▸ **AIM OF THE EXERCISE**:
Every line below between the one holding "JR日本最南端の駅として知ら" and the one holding "5月27日上午,我校处级干部", inclusive, should be copied exactly, and no other line.

▸ **DATA TO EXAMINE**:
= = =
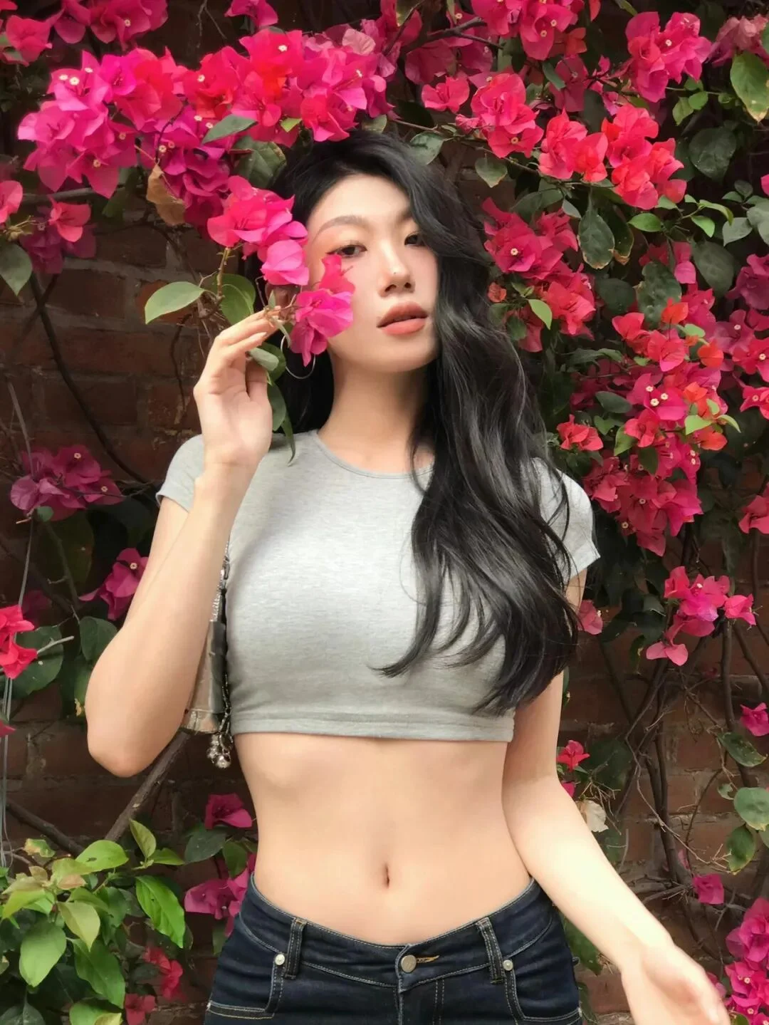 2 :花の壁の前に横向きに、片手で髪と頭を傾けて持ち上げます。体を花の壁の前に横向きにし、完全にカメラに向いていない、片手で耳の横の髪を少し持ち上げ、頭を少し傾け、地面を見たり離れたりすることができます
= = =
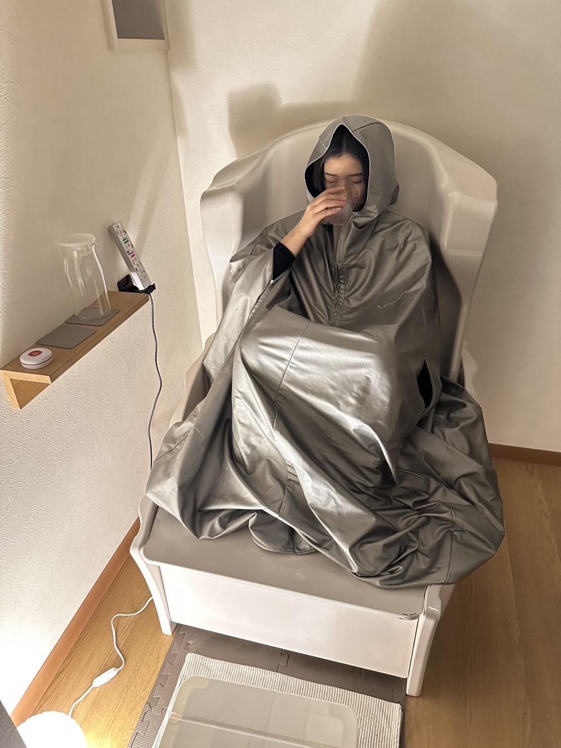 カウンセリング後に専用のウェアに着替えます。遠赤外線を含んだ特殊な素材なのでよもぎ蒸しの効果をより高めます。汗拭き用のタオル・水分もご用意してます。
= = =
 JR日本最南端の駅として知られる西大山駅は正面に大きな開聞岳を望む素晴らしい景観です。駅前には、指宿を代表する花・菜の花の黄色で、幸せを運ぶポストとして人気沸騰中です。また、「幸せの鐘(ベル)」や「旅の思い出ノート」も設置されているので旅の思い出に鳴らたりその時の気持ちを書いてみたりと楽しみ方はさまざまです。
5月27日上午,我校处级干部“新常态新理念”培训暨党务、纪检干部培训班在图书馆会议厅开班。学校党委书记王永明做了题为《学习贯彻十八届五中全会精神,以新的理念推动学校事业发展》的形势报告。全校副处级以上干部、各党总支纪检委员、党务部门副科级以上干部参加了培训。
= = =
▸ **ANSWER TO THIS TASK**:
 JR日本最南端の駅として知られる西大山駅は正面に大きな開聞岳を望む素晴らしい景観です。駅前には、指宿を代表する花・菜の花の黄色で、幸せを運ぶポストとして人気沸騰中です。また、「幸せの鐘(ベル)」や「旅の思い出ノート」も設置されているので旅の思い出に鳴らたりその時の気持ちを書いてみたりと楽しみ方はさまざまです。
5月27日上午,我校处级干部“新常态新理念”培训暨党务、纪检干部培训班在图书馆会议厅开班。学校党委书记王永明做了题为《学习贯彻十八届五中全会精神,以新的理念推动学校事业发展》的形势报告。全校副处级以上干部、各党总支纪检委员、党务部门副科级以上干部参加了培训。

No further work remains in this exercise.